Segment Open

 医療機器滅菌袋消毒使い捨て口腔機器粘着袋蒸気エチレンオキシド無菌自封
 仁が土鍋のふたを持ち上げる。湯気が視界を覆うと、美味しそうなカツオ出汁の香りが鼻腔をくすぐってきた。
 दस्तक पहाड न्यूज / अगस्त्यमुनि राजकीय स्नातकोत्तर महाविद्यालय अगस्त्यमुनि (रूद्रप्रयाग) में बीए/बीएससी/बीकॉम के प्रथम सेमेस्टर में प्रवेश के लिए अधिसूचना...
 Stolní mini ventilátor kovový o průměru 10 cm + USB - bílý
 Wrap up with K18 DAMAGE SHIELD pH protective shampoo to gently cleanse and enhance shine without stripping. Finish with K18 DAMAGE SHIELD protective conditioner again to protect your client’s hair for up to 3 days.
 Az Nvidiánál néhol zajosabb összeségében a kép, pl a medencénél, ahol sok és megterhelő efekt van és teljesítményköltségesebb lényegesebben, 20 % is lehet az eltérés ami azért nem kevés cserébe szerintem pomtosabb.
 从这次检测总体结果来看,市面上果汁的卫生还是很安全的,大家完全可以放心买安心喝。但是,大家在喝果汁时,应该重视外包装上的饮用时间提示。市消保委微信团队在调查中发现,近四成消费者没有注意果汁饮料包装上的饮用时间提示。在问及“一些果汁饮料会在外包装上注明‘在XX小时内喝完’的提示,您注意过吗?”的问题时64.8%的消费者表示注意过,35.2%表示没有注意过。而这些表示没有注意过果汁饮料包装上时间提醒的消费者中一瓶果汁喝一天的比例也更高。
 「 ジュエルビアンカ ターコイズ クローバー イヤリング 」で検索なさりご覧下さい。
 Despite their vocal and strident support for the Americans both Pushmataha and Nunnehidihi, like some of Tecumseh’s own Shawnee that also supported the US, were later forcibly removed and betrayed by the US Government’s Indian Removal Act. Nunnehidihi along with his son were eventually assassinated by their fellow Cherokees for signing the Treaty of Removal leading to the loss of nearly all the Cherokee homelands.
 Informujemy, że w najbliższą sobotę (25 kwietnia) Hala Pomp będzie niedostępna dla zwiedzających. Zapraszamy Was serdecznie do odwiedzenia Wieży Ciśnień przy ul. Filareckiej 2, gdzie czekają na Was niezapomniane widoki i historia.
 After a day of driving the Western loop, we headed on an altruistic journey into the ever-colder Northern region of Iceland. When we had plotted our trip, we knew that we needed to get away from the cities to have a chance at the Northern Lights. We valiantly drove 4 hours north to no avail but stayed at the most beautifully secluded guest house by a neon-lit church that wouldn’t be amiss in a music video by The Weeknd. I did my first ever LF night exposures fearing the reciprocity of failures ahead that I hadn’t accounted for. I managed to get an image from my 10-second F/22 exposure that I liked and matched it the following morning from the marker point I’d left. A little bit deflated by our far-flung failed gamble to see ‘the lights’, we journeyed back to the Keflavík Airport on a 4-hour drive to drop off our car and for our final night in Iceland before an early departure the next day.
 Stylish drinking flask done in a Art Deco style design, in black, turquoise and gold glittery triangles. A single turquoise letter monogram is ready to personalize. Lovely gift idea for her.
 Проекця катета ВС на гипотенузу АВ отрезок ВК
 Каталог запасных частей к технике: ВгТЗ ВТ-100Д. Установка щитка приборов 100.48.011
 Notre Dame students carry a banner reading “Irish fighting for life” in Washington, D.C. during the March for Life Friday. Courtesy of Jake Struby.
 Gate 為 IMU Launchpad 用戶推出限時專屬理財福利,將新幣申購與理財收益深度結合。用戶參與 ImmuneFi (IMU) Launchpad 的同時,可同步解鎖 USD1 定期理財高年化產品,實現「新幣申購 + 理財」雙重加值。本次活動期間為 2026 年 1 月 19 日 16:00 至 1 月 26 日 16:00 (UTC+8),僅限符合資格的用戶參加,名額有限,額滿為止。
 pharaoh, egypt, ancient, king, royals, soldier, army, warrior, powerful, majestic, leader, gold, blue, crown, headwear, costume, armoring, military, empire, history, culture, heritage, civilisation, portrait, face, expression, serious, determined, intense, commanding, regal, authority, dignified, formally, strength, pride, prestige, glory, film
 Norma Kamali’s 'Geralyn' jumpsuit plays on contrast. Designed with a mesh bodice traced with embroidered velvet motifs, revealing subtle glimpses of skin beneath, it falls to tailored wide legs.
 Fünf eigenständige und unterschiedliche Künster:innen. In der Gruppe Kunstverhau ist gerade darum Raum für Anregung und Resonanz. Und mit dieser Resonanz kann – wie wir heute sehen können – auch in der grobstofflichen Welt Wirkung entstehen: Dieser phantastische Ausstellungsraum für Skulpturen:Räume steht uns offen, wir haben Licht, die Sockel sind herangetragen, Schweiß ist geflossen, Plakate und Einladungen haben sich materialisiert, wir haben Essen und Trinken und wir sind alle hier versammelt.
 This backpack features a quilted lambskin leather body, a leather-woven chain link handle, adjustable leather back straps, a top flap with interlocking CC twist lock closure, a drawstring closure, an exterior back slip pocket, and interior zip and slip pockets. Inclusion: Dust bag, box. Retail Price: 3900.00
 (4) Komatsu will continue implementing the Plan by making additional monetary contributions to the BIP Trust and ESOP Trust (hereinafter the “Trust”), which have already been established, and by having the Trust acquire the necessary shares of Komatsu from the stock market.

Segment Closed

What is being asked: Output every line of the listing word for word.

Answer box:
 医療機器滅菌袋消毒使い捨て口腔機器粘着袋蒸気エチレンオキシド無菌自封
 仁が土鍋のふたを持ち上げる。湯気が視界を覆うと、美味しそうなカツオ出汁の香りが鼻腔をくすぐってきた。
 दस्तक पहाड न्यूज / अगस्त्यमुनि राजकीय स्नातकोत्तर महाविद्यालय अगस्त्यमुनि (रूद्रप्रयाग) में बीए/बीएससी/बीकॉम के प्रथम सेमेस्टर में प्रवेश के लिए अधिसूचना...
 Stolní mini ventilátor kovový o průměru 10 cm + USB - bílý
 Wrap up with K18 DAMAGE SHIELD pH protective shampoo to gently cleanse and enhance shine without stripping. Finish with K18 DAMAGE SHIELD protective conditioner again to protect your client’s hair for up to 3 days.
 Az Nvidiánál néhol zajosabb összeségében a kép, pl a medencénél, ahol sok és megterhelő efekt van és teljesítményköltségesebb lényegesebben, 20 % is lehet az eltérés ami azért nem kevés cserébe szerintem pomtosabb.
 从这次检测总体结果来看,市面上果汁的卫生还是很安全的,大家完全可以放心买安心喝。但是,大家在喝果汁时,应该重视外包装上的饮用时间提示。市消保委微信团队在调查中发现,近四成消费者没有注意果汁饮料包装上的饮用时间提示。在问及“一些果汁饮料会在外包装上注明‘在XX小时内喝完’的提示,您注意过吗?”的问题时64.8%的消费者表示注意过,35.2%表示没有注意过。而这些表示没有注意过果汁饮料包装上时间提醒的消费者中一瓶果汁喝一天的比例也更高。
 「 ジュエルビアンカ ターコイズ クローバー イヤリング 」で検索なさりご覧下さい。
 Despite their vocal and strident support for the Americans both Pushmataha and Nunnehidihi, like some of Tecumseh’s own Shawnee that also supported the US, were later forcibly removed and betrayed by the US Government’s Indian Removal Act. Nunnehidihi along with his son were eventually assassinated by their fellow Cherokees for signing the Treaty of Removal leading to the loss of nearly all the Cherokee homelands.
 Informujemy, że w najbliższą sobotę (25 kwietnia) Hala Pomp będzie niedostępna dla zwiedzających. Zapraszamy Was serdecznie do odwiedzenia Wieży Ciśnień przy ul. Filareckiej 2, gdzie czekają na Was niezapomniane widoki i historia.
 After a day of driving the Western loop, we headed on an altruistic journey into the ever-colder Northern region of Iceland. When we had plotted our trip, we knew that we needed to get away from the cities to have a chance at the Northern Lights. We valiantly drove 4 hours north to no avail but stayed at the most beautifully secluded guest house by a neon-lit church that wouldn’t be amiss in a music video by The Weeknd. I did my first ever LF night exposures fearing the reciprocity of failures ahead that I hadn’t accounted for. I managed to get an image from my 10-second F/22 exposure that I liked and matched it the following morning from the marker point I’d left. A little bit deflated by our far-flung failed gamble to see ‘the lights’, we journeyed back to the Keflavík Airport on a 4-hour drive to drop off our car and for our final night in Iceland before an early departure the next day.
 Stylish drinking flask done in a Art Deco style design, in black, turquoise and gold glittery triangles. A single turquoise letter monogram is ready to personalize. Lovely gift idea for her.
 Проекця катета ВС на гипотенузу АВ отрезок ВК
 Каталог запасных частей к технике: ВгТЗ ВТ-100Д. Установка щитка приборов 100.48.011
 Notre Dame students carry a banner reading “Irish fighting for life” in Washington, D.C. during the March for Life Friday. Courtesy of Jake Struby.
 Gate 為 IMU Launchpad 用戶推出限時專屬理財福利,將新幣申購與理財收益深度結合。用戶參與 ImmuneFi (IMU) Launchpad 的同時,可同步解鎖 USD1 定期理財高年化產品,實現「新幣申購 + 理財」雙重加值。本次活動期間為 2026 年 1 月 19 日 16:00 至 1 月 26 日 16:00 (UTC+8),僅限符合資格的用戶參加,名額有限,額滿為止。
 pharaoh, egypt, ancient, king, royals, soldier, army, warrior, powerful, majestic, leader, gold, blue, crown, headwear, costume, armoring, military, empire, history, culture, heritage, civilisation, portrait, face, expression, serious, determined, intense, commanding, regal, authority, dignified, formally, strength, pride, prestige, glory, film
 Norma Kamali’s 'Geralyn' jumpsuit plays on contrast. Designed with a mesh bodice traced with embroidered velvet motifs, revealing subtle glimpses of skin beneath, it falls to tailored wide legs.
 Fünf eigenständige und unterschiedliche Künster:innen. In der Gruppe Kunstverhau ist gerade darum Raum für Anregung und Resonanz. Und mit dieser Resonanz kann – wie wir heute sehen können – auch in der grobstofflichen Welt Wirkung entstehen: Dieser phantastische Ausstellungsraum für Skulpturen:Räume steht uns offen, wir haben Licht, die Sockel sind herangetragen, Schweiß ist geflossen, Plakate und Einladungen haben sich materialisiert, wir haben Essen und Trinken und wir sind alle hier versammelt.
 This backpack features a quilted lambskin leather body, a leather-woven chain link handle, adjustable leather back straps, a top flap with interlocking CC twist lock closure, a drawstring closure, an exterior back slip pocket, and interior zip and slip pockets. Inclusion: Dust bag, box. Retail Price: 3900.00
 (4) Komatsu will continue implementing the Plan by making additional monetary contributions to the BIP Trust and ESOP Trust (hereinafter the “Trust”), which have already been established, and by having the Trust acquire the necessary shares of Komatsu from the stock market.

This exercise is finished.